Last edited: Jan 30, 2015
2. Jan 30, 2015

### haruspex

I would suggest not assuming c=4 just yet. Leave it as c.
What do you get when you substitute for rfloor(√(n+1)) using the IH?

3. Jan 30, 2015

### NATURE.M

Ok I'll assume c is arbitrary for now. But i can't just use the IH directly on rfloor(√(n+1)) since i have to simplify it first. My issue is I have no idea how to go about simplifying it.
And as a note: We let n∈ℕ, then the IH is P(n) or for complete induction it would be for 3≤k<n, P(k).

4. Jan 30, 2015

### milesyoung

Like haruspex suggested, assume the IH to be true:
$$r_n = 1 + r_{\lfloor\sqrt{n}\rfloor} \leq 1 + c\log(\log\sqrt{n})$$
Recall then that you'd like a $c\log(\log n)$ term on the RHS of the inequality.

Edit: I did the problem using different notation, and it came out as nonsense here. Removed that part.

Last edited: Jan 30, 2015
5. Jan 30, 2015

### NATURE.M

So I'm kinda confused where did the square root come from in the expression log2(log2√n)

6. Jan 31, 2015

### haruspex

You want to show rn+1 <= something, call it X. So you want to show rfloor(√(n+1)) <= X. The simplification is to find some Y such that rfloor(√(n+1)) is clearly <= Y, then show Y <= X. Is the r sequence monotonic?

7. Jan 31, 2015

### NATURE.M

We aren't given whether the sequence is monotonic or not. So I understand that I need to find Y. My issue is I don't know how to reduce rfloor(√(n+1)) into some Y, from which I can employ the IH.

8. Jan 31, 2015

### haruspex

Sorry, I asked the wrong question. I should have asked whether the log function is monotonic.

9. Jan 31, 2015

### SammyS

Staff Emeritus
Can you show that the sequence is monotonic?

Try writing out the first part of the sequence. It increases very slowly, which is not a surprise, considering what you're asked to prove.
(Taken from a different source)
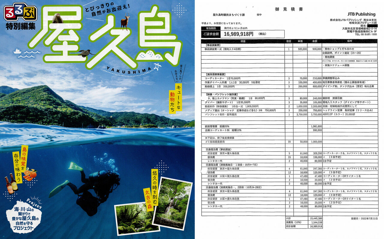 【検証】JTB「るるぶ特別編集 屋久島」制作は環境保全事業なのか? 屋久島町・海底清掃事業
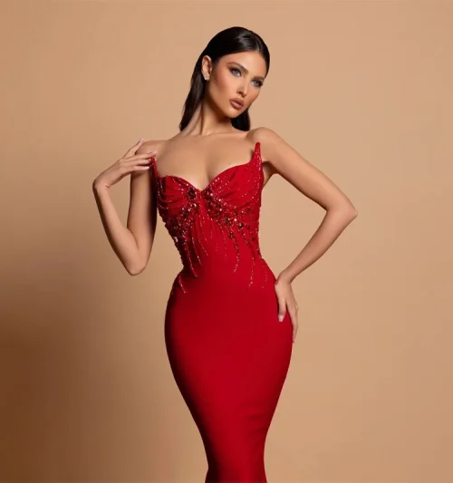 New Rhinestone Decoration Spaghetti Strap Bandage Dress Women Fashion Party Dresses Evening Dresses

For what values of n is $\ r_{n+1}>r_n \$ ?

10. Jan 31, 2015

### NATURE.M

But lets say its monotonic, in what way does that help us ? Maybe if it was monotonically decreasing, then it would help us in the proof as follows:
rfloor(√(n+1)) ≤ rfloor(√(n)) , and then we can invoke the inductive hypothesis. But if its increasing which it is than how does it help us ?

11. Jan 31, 2015

### haruspex

As I wrote in post #8, what's useful is to think about monotonicity of the log function.
Apply the IH to 1 + rfloor(√n). What do you get? What's an upper bound for that?

12. Jan 31, 2015

### NATURE.M

Okay that makes more sense since the log function is increasing monotonically.

Applying the induction hypothesis: 1 + rfloor(√n) ≤ clog2(log2n)., and from here we can use the monotonicity of the logarithmic function to get to clog2(log2n+1). Although, we will have to prove the monotonicity of the log function separately I guess.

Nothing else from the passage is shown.